With shutdown clouds lifting, CISA spins back up
The agency will focus on restarting election security efforts and implementing an emergency cybersecurity directive.
CISA Director Chris Krebs, shown here at a 2018 Senate hearing, convened agency staff on Jan. 25 to set post-shutdown priorities.
The partial government shutdown hit the newly created Cybersecurity and Infrastructure Security Agency at the Department of Homeland Security just as it was spinning up operations.
While CISA's essential operations continued during the 35-day shutdown, much of the organizational and policy work needed to launch a new agency was put on hold.
CISA Director Christopher Krebs convened a Jan. 25 staff meeting to discuss the impact and the steps needed to spin back up, FCW has learned.
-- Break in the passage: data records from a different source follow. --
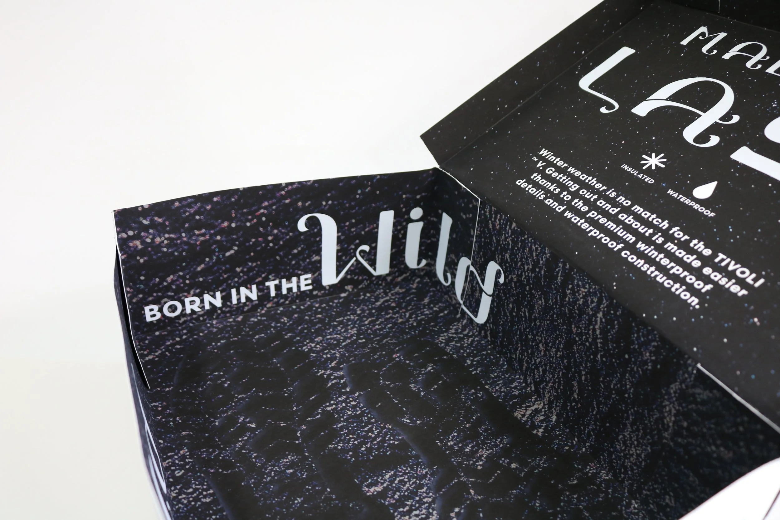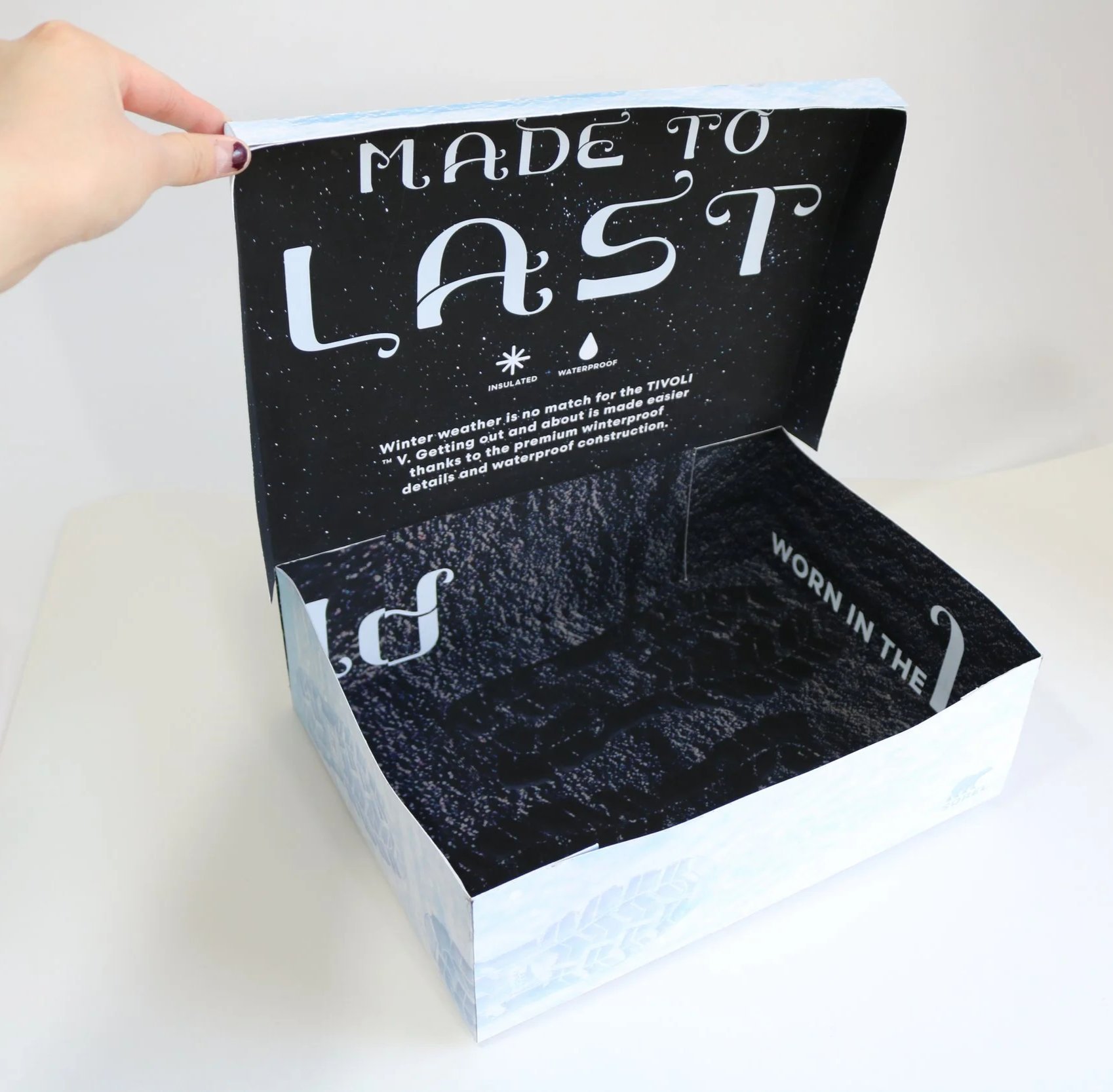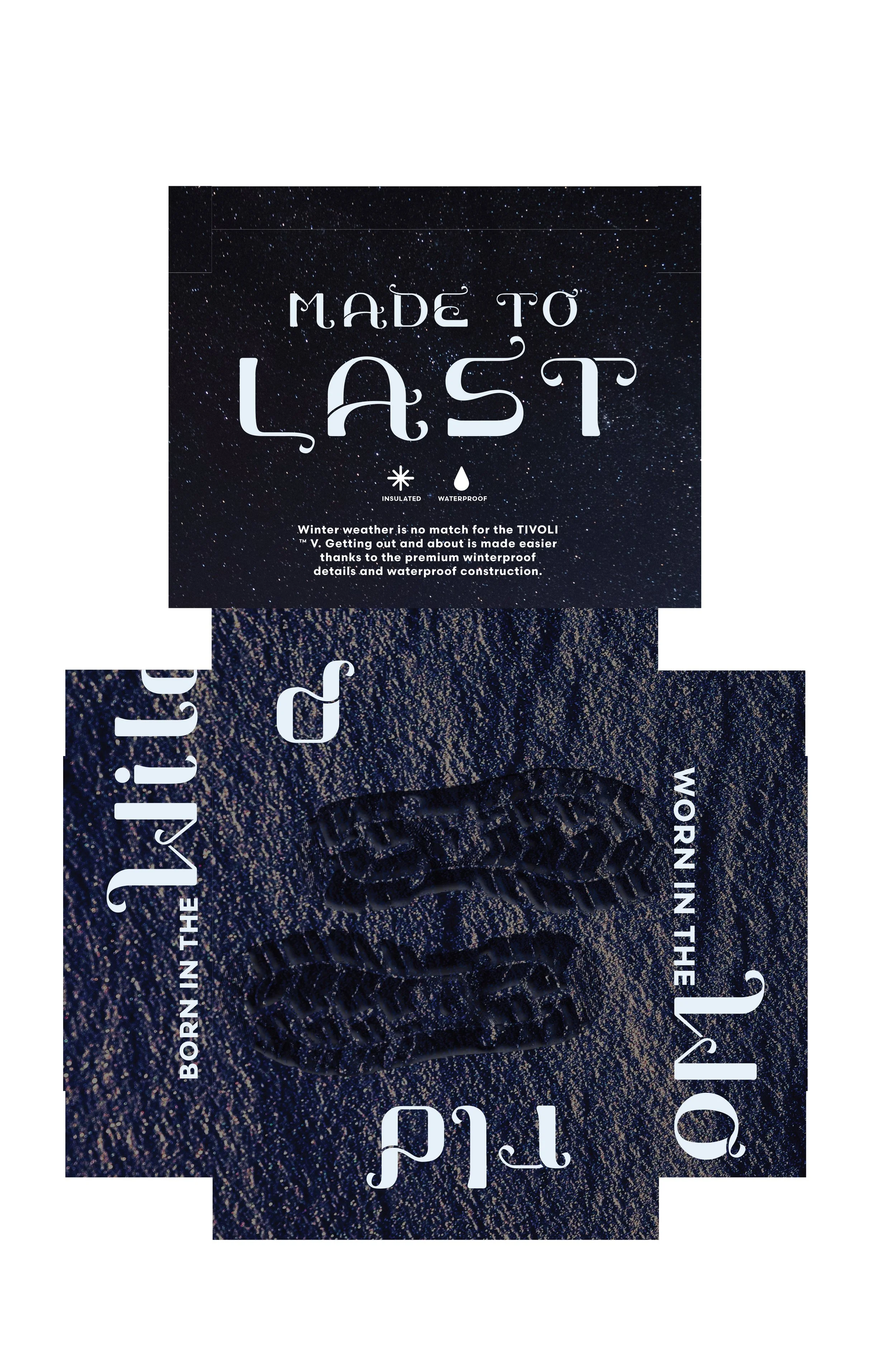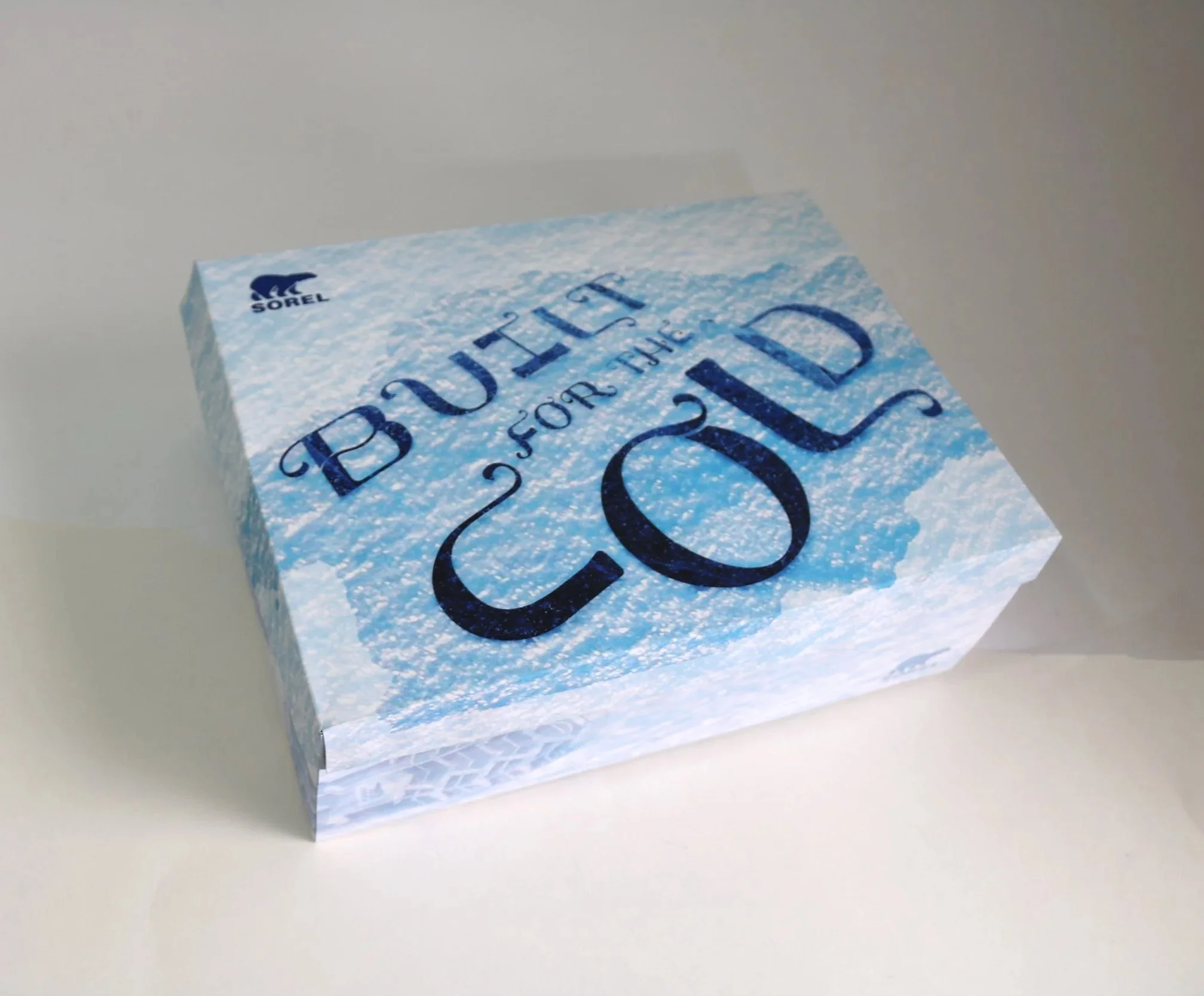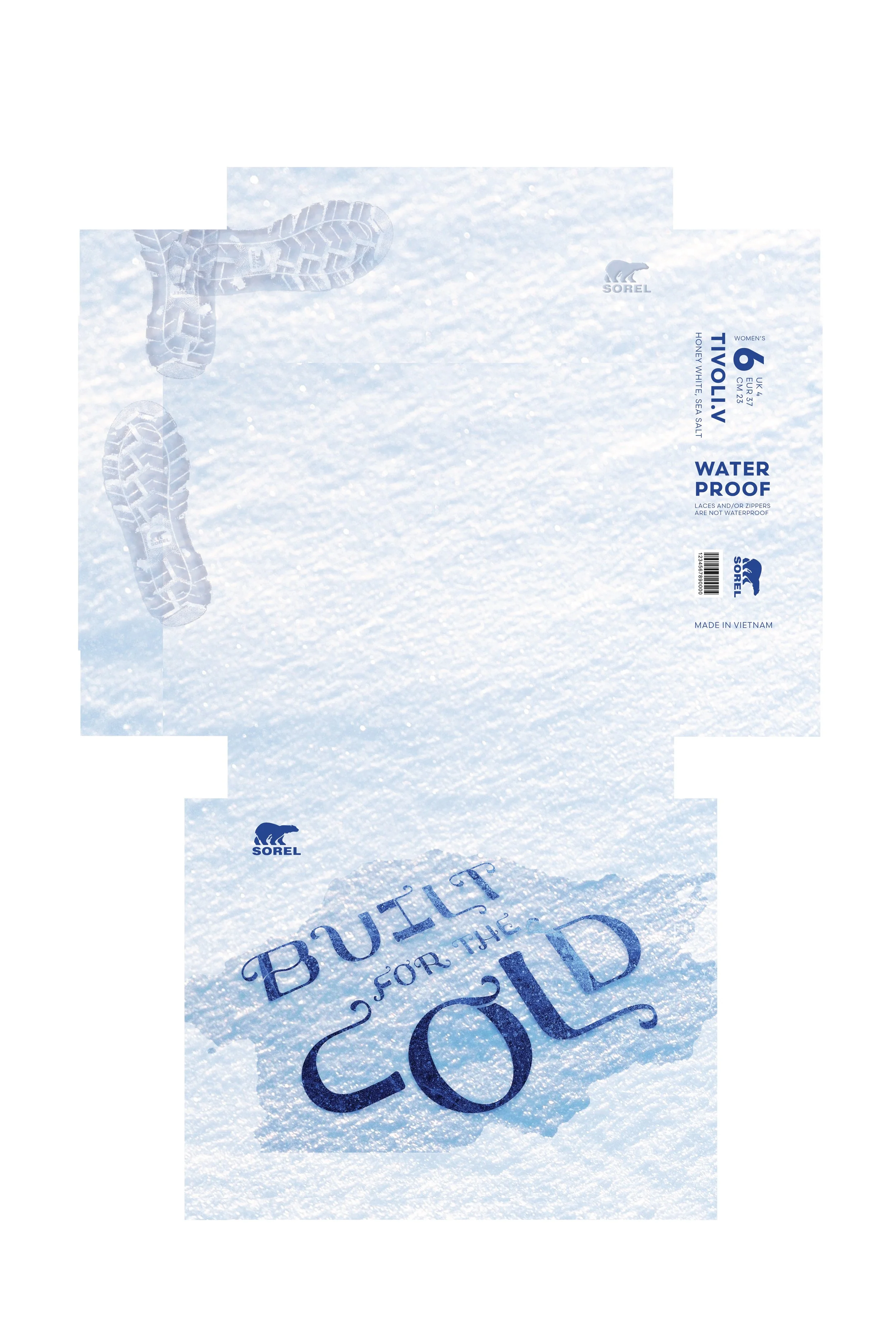 This shoebox re-imagines Sorel’s box design, emphasizing the brand history that is rooted in nature. The design pulls inspiration from Sorel’s iconic boots that are made to last in cold weather and snow. The poster design follows this same concept, creating an eye-catching poster with an icy feel, communicating the durability and quality of Sorel’s.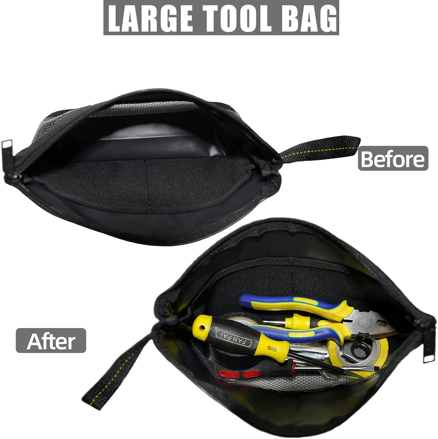 🔩HIGH QUALITY SMALL TOOL POUCHES : Zipper tool bag is made of 600 ballistic material that is strong durable, not easy to break and water resistant; sturdy zipper slides smoothly and won't stuck.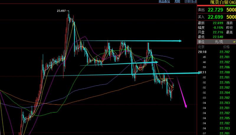 第二,白银方面: 昨日指出23及上方继续看压制,也开始下跌;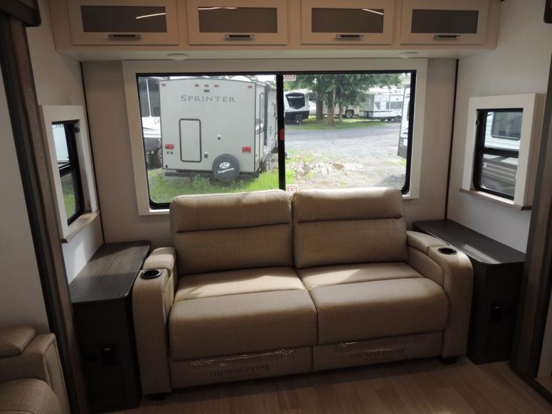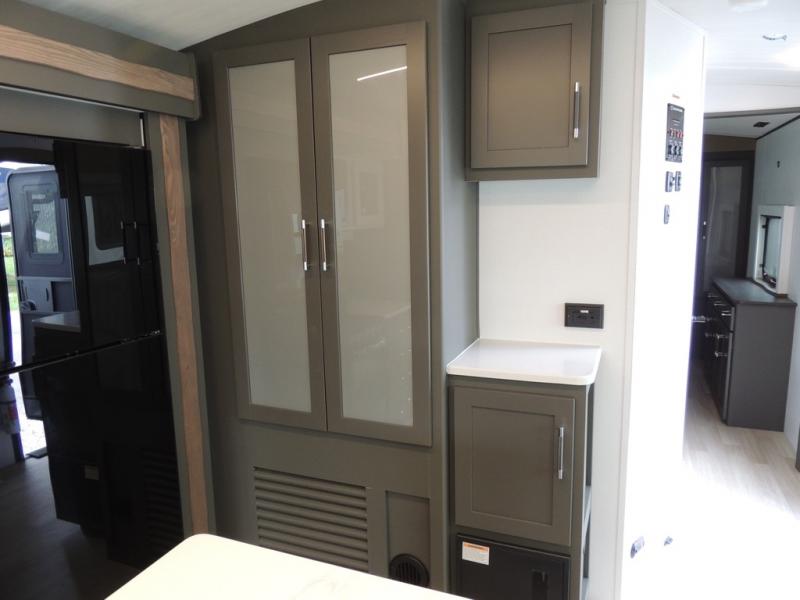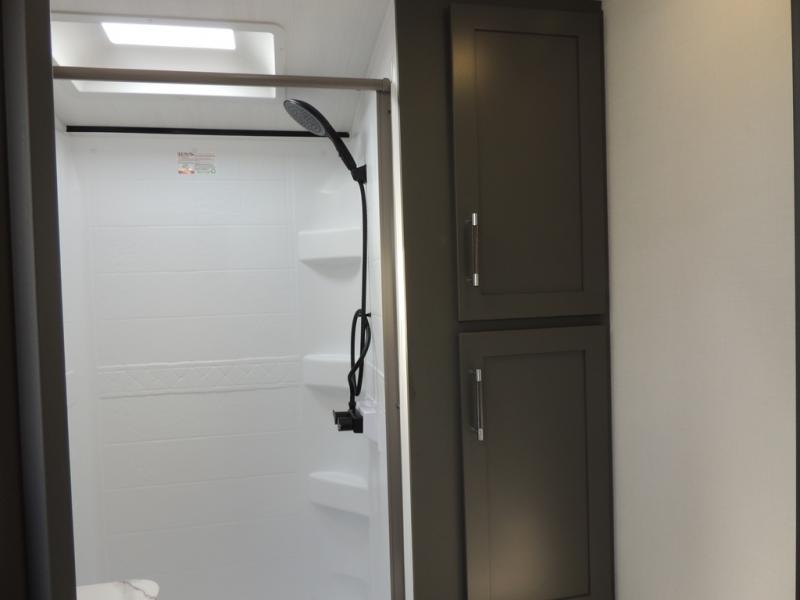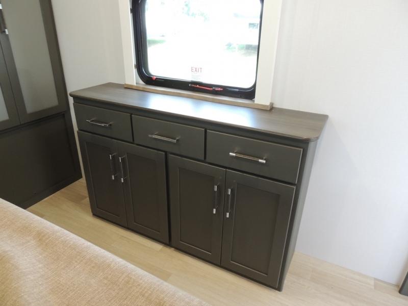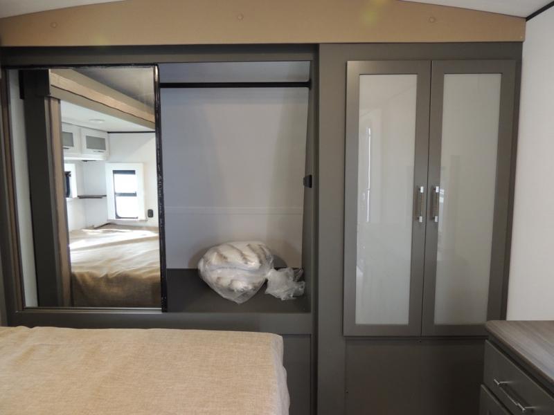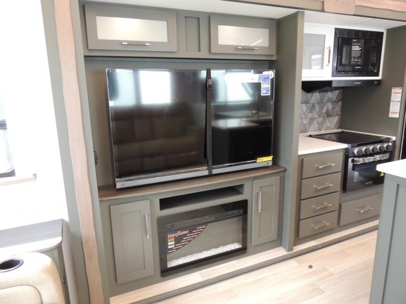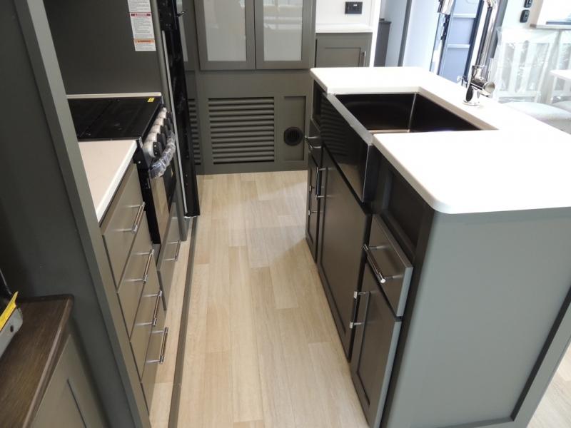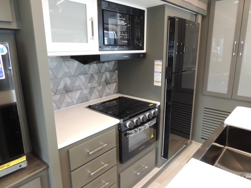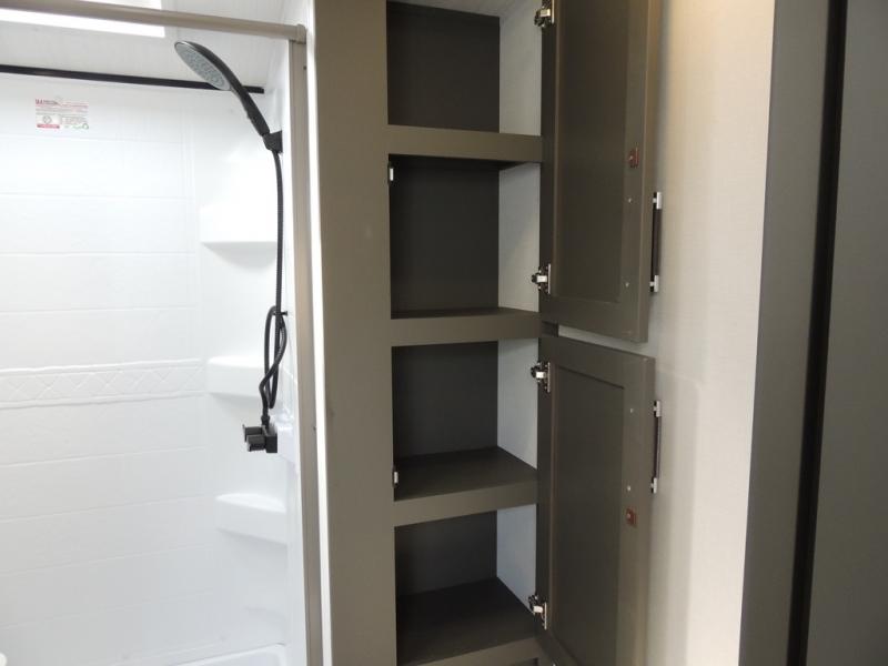 You'll be camping in style with this trailer in tow. You will wake up each morning on a king bed slide out, and there is a closet up front to easily get dressed. A wardrobe with TV prep is also found in the bedroom, along with washer/dryer prep to make wash day easier than ever. If you had guests stay over, they'll be waking up on the tri-fold sofa in the rear living area. Once everyone is ready for the day, you can make breakfast on the three burner cooktop or in the microwave oven, and there is a 10 cu. ft. refrigerator where milk and eggs can go back in. This Bullet kitchen also includes a kitchen island, a pantry, plus a hutch for ample storage space!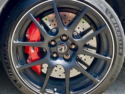 As for wheels, it rides on 19-inch ultra-lightweight BBS forged alloys and Michelin Pilot Sport 4S tires. You can’t miss the red Brembo brake calipers on both the front and rear. Up front the black grille is flanked by optional Premium Triple Beam LED headlights (Bi-LEDS are standard). In the rear, you get LED tail lights and a unique titanium exhaust along with the carbon fiber rear diffuser. I love the look of the entire tail end.

He said the agency's original contingency plan was only designed to weather a one or two-week funding lapse.
"There is no 35-day shutdown plan, there is no 50-day shutdown plan," Krebs said.
CISA will focus its post-shutdown priorities on processing paychecks and bonuses to employees, spinning back up election security support efforts to states and localities, and surveying the impact to cybersecurity programs and other operations, Krebs told the CISA team.
The White House on Jan. 25 announced an agreement to temporarily reopen parts of the government that have been operating without funding for more than a month.
Many state and local election officials rely on CISA for vulnerability assessments, threat intelligence and technical support. A former DHS official told FCW Jan. 24 that much of that work had ground to a halt during the shutdown.
Krebs told employees that CISA leadership will be developing its own list of priorities but asked for regional offices and program managers for advice on the top three shuttered projects or programs that most impact the agency's risk posture. It will likely take weeks for the agency to return to full operational capacity.
While it was not addressed at the meeting, CISA also will have to focus efforts on getting other departments and agencies to comply with a Jan. 22 emergency directive to mitigate IT vulnerabilities related to a global DNS hijacking campaign.
That activity was first publicly reported by several private threat intelligence firms in November 2018 and January 2019, and DHS and the U.S. Computer Emergency Readiness Team followed up with their own alert and the finally the emergency directive shortly after.
It's still not clear exactly when the attacks took place and how many federal agencies may have been affected. On Jan. 24, CISA released additional technical details and indicators of compromise for the attacks to the public. In a corresponding blog, Krebs said CISA was continuing to assess the impact of the campaign on federal infrastructure, but that the attackers were actively targeting governments and "we know enough to be concerned."
Before the deal to reopen the government, CISA was facing the prospects of implementing the order over 10 days and ensuring compliance from other agencies without its full staff.
The same day the directive was issued, Rep. Jim Langevin (D-R.I.) told FCW that he found the DNS hijacking campaign "disturbing" and questioned whether CISA's order to agencies could be effectively implemented under shutdown conditions.
"It's not clear who will actually be on hand to implement these changes within the next ten days," Langevin said at the time. "Clearly DHS is moving with urgency because of a specific need."